With 225-265 seats, Boeing’s proposed new mid-sized airplane, or NMA, could fill an opening in the middle of the airplane market between the bread-and-butter single-aisle planes that dominate most fleets and the bigger long-range, twin-aisle jets.
That niche has already been partially filled by rival Airbus’ largest narrowbody, the bestselling A321neo. But Boeing insists the NMA would be able to open new routes due to longer range and superior economics, just as its 787 revamped long-haul travel by connecting secondary cities.
Capacity and range are not the only factors Boeing is considering as it makes one of its most significant decisions in years.
To make business sense, the price must be low enough to lure airlines and high enough to leave a return for Boeing, while squeezing through a narrow economic gap in prices between single-aisle and twin-aisle planes. A key question is whether the gap is wide enough to take the plunge.
“That is the challenge of the NMA,” John Plueger, chief executive of Air Lease Corp, told Reuters.
“Building a business case in 2018 for an airplane that won’t start in service until 2025 is not such an easy slam dunk.”
Planemakers do not publish the real prices at which they sell their jets, which include significant discounts, but most analysts say the net price of the new jet would come in at $60-$70 million – about $15-20 million more than a discounted single-aisle jet.
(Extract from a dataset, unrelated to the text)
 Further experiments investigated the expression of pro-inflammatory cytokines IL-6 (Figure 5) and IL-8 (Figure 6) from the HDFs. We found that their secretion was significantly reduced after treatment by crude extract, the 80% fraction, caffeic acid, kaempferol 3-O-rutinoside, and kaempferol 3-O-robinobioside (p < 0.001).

While Boeing’s focus is on cutting costs, company officials have poured cold water on speculation that it could revert to a cheaper metal fuselage rather than weight-saving modern composites.
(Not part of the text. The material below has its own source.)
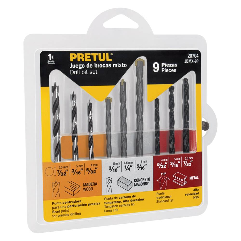 Juego de Brocas para Metal, Concreto y Madera 9 Piezas Pretul 20704
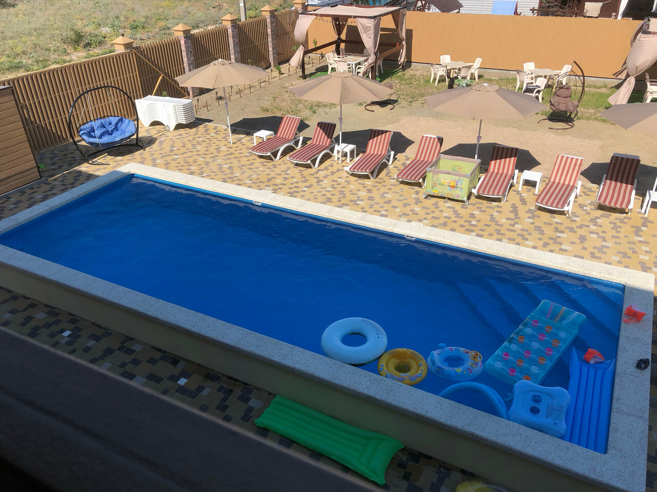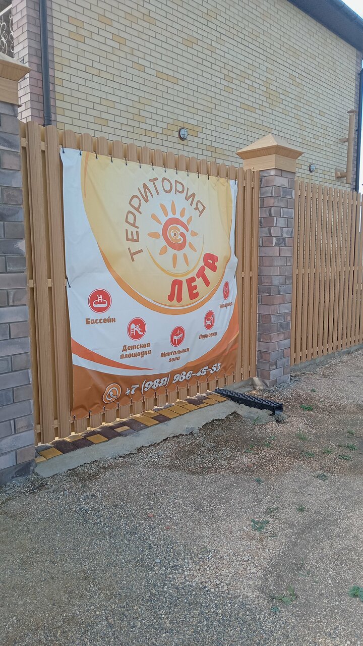 ‘Территория лета’ идеальное место для семейного отдыха! Просто рай на земле! Все продумано до мелочей и сделано с огромным вкусом. Номера чистые, комфортные, оформлены с дизайнерским подходом. Ежедневная уборка. В комнатах холодильник, телевизор, сплит система, посуда, чайник. Постельное и полотенца кристально чистые. В каждом номере уютный балкон(веранда) с обеденной зоной. Очень ухоженная территория, потрясающий большой, глубокий бассейн,с подсветкой в вечернее время(который каждый день убирают). Шезлонги и зонтики от солнца, детская площадка, батут, беседки для ‘посиделок’ в большой компании,подвесные кресла. Отдельная мангальная зона, общая кухня со всем необходимым, кулер с водой. Море в шаговой доступности.Милое уютное место и теплое отношение к каждому гостю. Огромное спасибо Артему и Ирине за такой потрясающий отдых. Остались в полном восторге! Лучшее место в Должанской!

“They have got to get it right. It is a tough needle to thread,” Plueger said.
Boeing does have a potential wild card.
While the business case is being studied on its own merits, the time frame for a decision – 2019 – coincides with the expected closing of a deal for Boeing to take over Embraer's EMBR3.SA commercial operations.
Embraer would give Boeing access to extra engineering resources and R&D capacity at a lower cost.
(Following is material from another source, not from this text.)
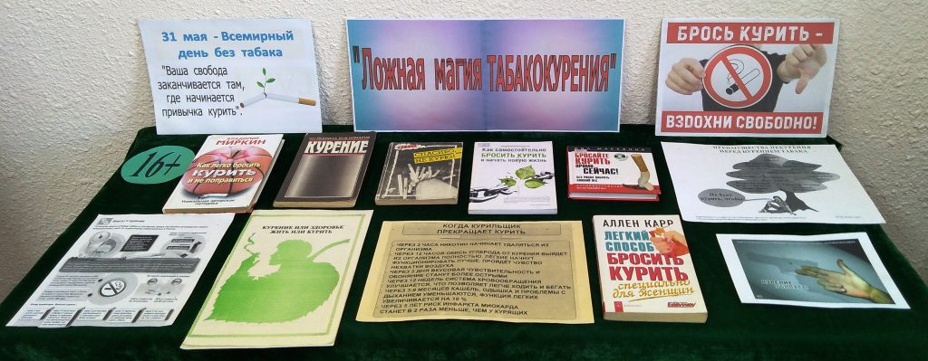Книги, брошюры, информационные листки, представленные на выставке «Ложная магия табакокурения» в Центральной библиотеке им. А. С. Попова, дают всю информацию о пагубном действии никотина на организм человека. Главная цель выставки — просветить, помочь отказаться от вредной привычки.

“It gives us additional opportunities to consider,” Boeing CEO Dennis Muilenburg told Reuters, when asked whether the Embraer acquisition might inject extra clarity into the NMA decision.
Embraer has some “very effective, streamlined” development processes, Muilenburg added.
“When we’re able to complete this deal it would give us another option, another set of resources, additional ideas and that could be helpful to the (NMA) business case,” he said. “It’s another factor that can be considered in the overall business case.”
Boeing officials said the business case was already improving on a standalone basis.
Still, a significant hurdle remains: the capacity and willingness of engine makers to produce the right engine in the correct time frame. This has become the main “pacing factor” in the NMA decision, a person familiar with the plans said.
Boeing, which has conducted wind tunnel trials as it studies the NMA, has done more pre-development work than usual to avoid a repeat of industrial problems both in-house and at suppliers which delayed the 787, people close to the matter said.
Recent industrial problems among engine makers could tip Boeing toward offering airlines a choice of two engines, but this would force each supplier to make do with a smaller slice of the new business.
“There is a strategic rationale for dual sources: it mitigates technology risks. But the business case for the engine guy becomes very thin,” said Domhnal Slattery, CEO of leasing company Avolon.